Retro Revival

Palm springs yacht club (psyc), the spa at the Parker Palm Springs Hotel in Palm Springs, CA, has set sail with a fun, retro spin on spa-going at its newly renovated, nautical-themed 16,500-square-foot facility, which reopened in October. "To stand out as the best and most unusual spa in the valley, we decided to go with a nautical feel," explains spa director Ursula Longo. "It is a fun place where guests feel comfortable. We may be landlocked, but you can never call us dry."

The spa was designed with a crisp blue-and-white color scheme that suggests sea-themed fun and the frivolity of the American yacht and country clubs of the 1950s. The spa's creators were adamant about cultivating a retreat that embodied none of the serious Zen-inspired philosophies of many of today's modern spas. This is most evident in the spa's tongue-in-cheek name, which makes little sense considering its desert location. "Contrary to most spas that are very solemn, we have fun and take ourselves less seriously," says Longo, who goes by the title "commodore" rather than spa director.

In spite of the laid-back mentality, extensive planning went into the renovation of the spa, and the goal of making it both hip and comfortable was imperative. The spa features 16 treatment rooms, as well as separate men's and women's areas to allow for "clothing optional" relaxation. Guests are also encouraged to extend their spa experience and spend the entire day at PSYC participating in group fitness activities like croquet, pétanque, outdoor yoga, tennis, and more in between their treatments and their enjoyment of the indoor and outdoor swimming pools, outdoor patios, saunas, and steam rooms.
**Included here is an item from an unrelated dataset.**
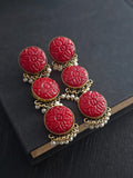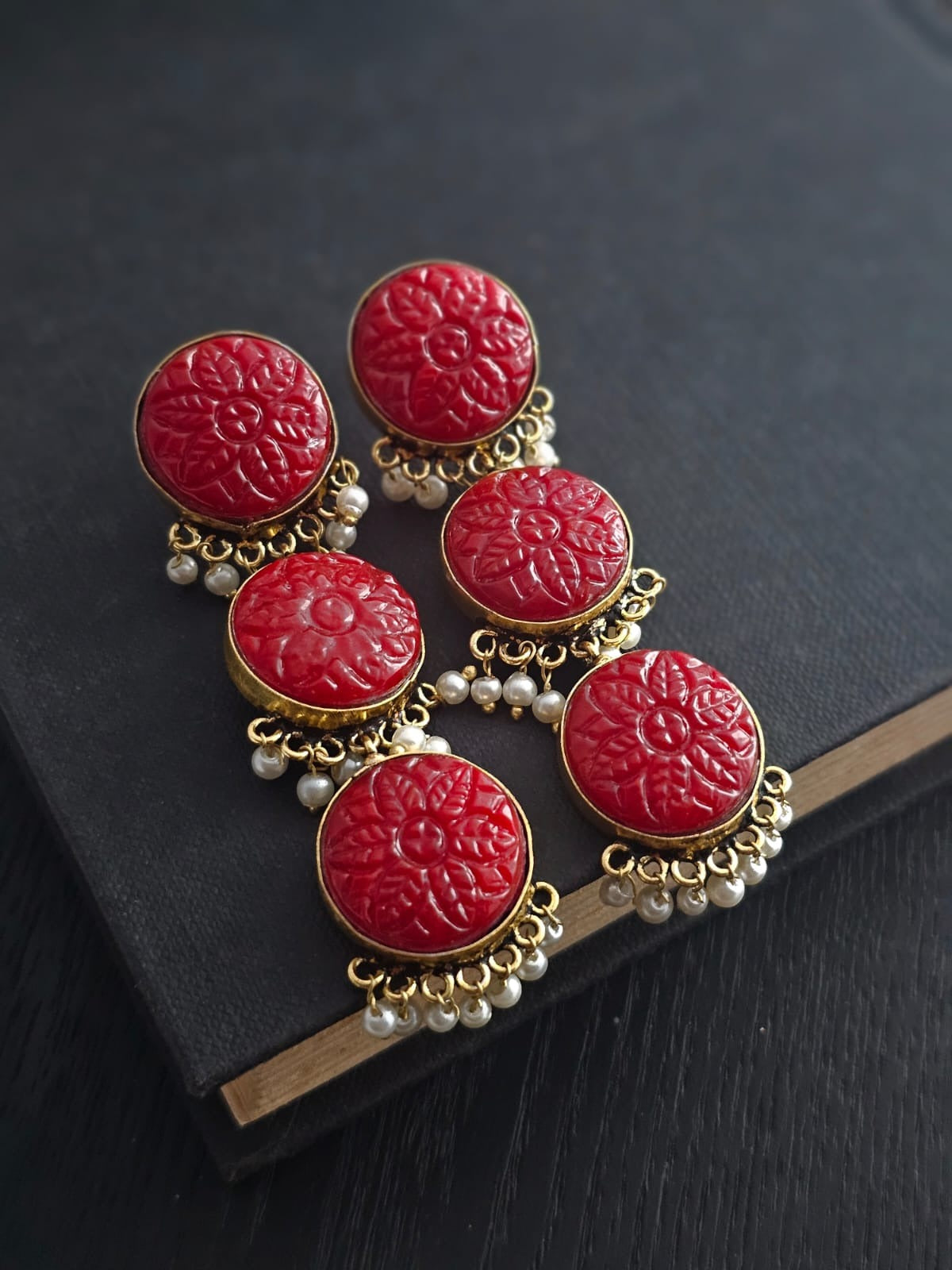 Elevate your style with these exquisitely designed earrings, featuring intricately carved red Monalisa stones arranged in a captivating floral pattern hanging pearls. The artistry of the design exudes sophistication and timeless elegance, making them a statement piece for any occasion.

The nautical theme is carried out beyond the design through a focus on hydrotherapy and marine-infused treatments. Saline relaxation pools, Whirlpools, and hydrotherapy are important elements of the spa, which offers Watsu ($135, 60 minutes), as well as a variety of other hydro-focused modalities. Additionally, marine- and algae-based Phytomer products are used. The Essential Relaxation Scrub ($135, 60 minutes), a sea scrub infused with essential oils collected from the Mediterranean coastline, and the Champagne of the Sea Cocoon ($135, 60 minutes), which envelops the body in bubbling sea mud to ease muscle tension and mineralize the skin, are just a sampling of the ocean-themed treatments available.

Hormeta and Yon-Ka Paris products are also used in treatments that go beyond the sea and into the desert, such as the Cactus Flower Massage ($135, 60 minutes; $200, 90 minutes), which uses moisturizing extracts from desert cactus flowers; Desert Stone Therapy ($135, 60 minutes), which uses river stones collected from the American West; and the Desert Sea Wrap ($135, 60 minutes), which incorporates regional minerals infused with desert sage oil and a variety of other essential oils.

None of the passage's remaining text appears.